To monitor traffic, you can use the hasura_event_processed_total
and the
hasura_events_fetched_per_batch
metrics.
If the value of hasura_events_fetched_per_batch
is close to the configured max batch size, then it hints that there
may be some pending events in the database yet to be fetched and processed.
Errors
Errors for an Event Trigger references the number of event deliveries that failed or errored out.
To monitor errors, you can use the hasura_event_processed_total
metric. You can then filter
the metric using the label status: failed
i.e., hasura_event_processed_total{status="failure"}
.
You can do to the following to analyze and diagnose errors:
- Identify the Event Trigger with a high error rate. You can do this by using the above metric and see the trigger
name associated to that metric in the
trigger_name
label. - You can then use the
*_get_event_logs
and*_get_event_invocation_logs
metadata API to get the error logs for the Event Trigger. This should provide some insights into the error.
Tuning Hasura Event Triggers performance
Hasura Event Triggers are designed to handle of millions of events per hour. However, due to misconfigurations or other reasons, the performance of the Hasura Event Triggers system can be impacted. This section describes how to tune the performance of subscriptions.
Performance tuning
Event Trigger processing can be tuned by few server settings as described below:
HASURA_GRAPHQL_EVENTS_FETCH_BATCH_SIZE
:- The number of events fetched from the
Hasura Event tables
in the database per batch. By default, 100. - Increasing this will fetch more events from the database per batch, thereby reducing the load on database and improving throughput while increasing individual fetch SQL execution times and, potentially, the memory of the Hasura instance.
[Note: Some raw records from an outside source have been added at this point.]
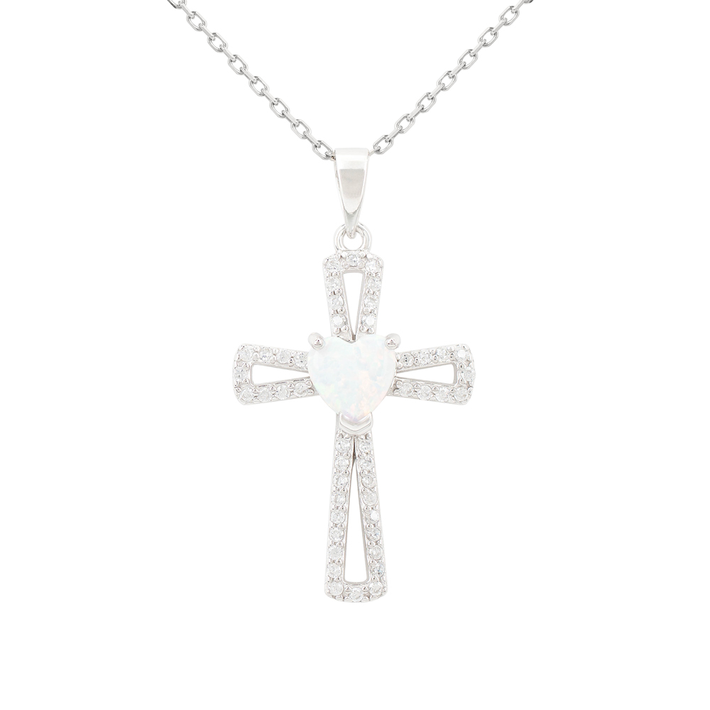 Silver Cross with Clear CZ with White Opal Heart Center Pendant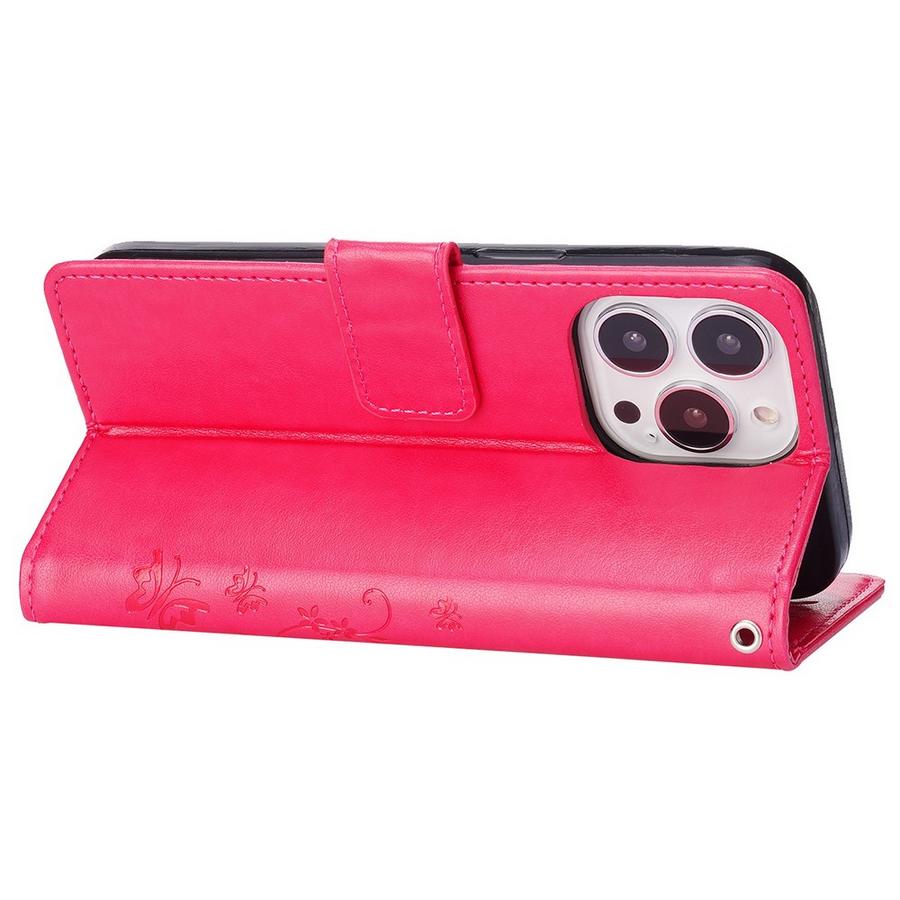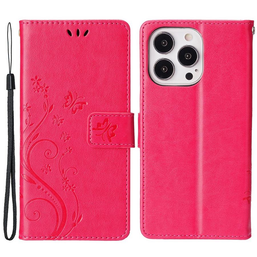 Apple iPhone 15 Pro puhelimen suojaamiseen pirteän sävyinen pinkki kotelo, jonka kannet on koristettu painokuvioiduilla perhosilla ja kukilla.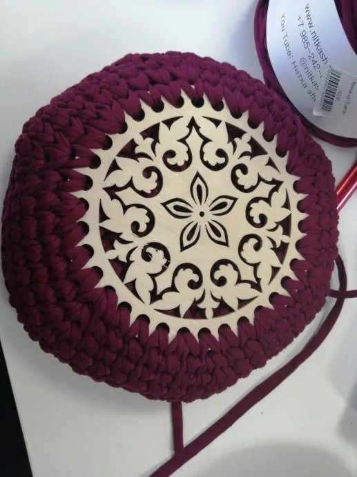 Сумочка из трикотажной пряжи с деревянной вставкой!

- The number of events fetched from the
HASURA_GRAPHQL_EVENTS_HTTP_POOL_SIZE
:- The maximum number of HTTP workers that are spawned to deliver events to the webhook. By default, 100.
- Increasing this will spawn more HTTP workers, thereby increasing the number of concurrent event deliveries to the webhook. This may also increase the memory and the CPU usage of the Hasura instance.
HASURA_GRAPHQL_EVENTS_FETCH_INTERVAL
:- The interval at which Hasura polls the database for new events. By default, 1 second.
- Increasing this reduces frequency of the poll to the database reducing the load on it while increasing the latency of processing of event.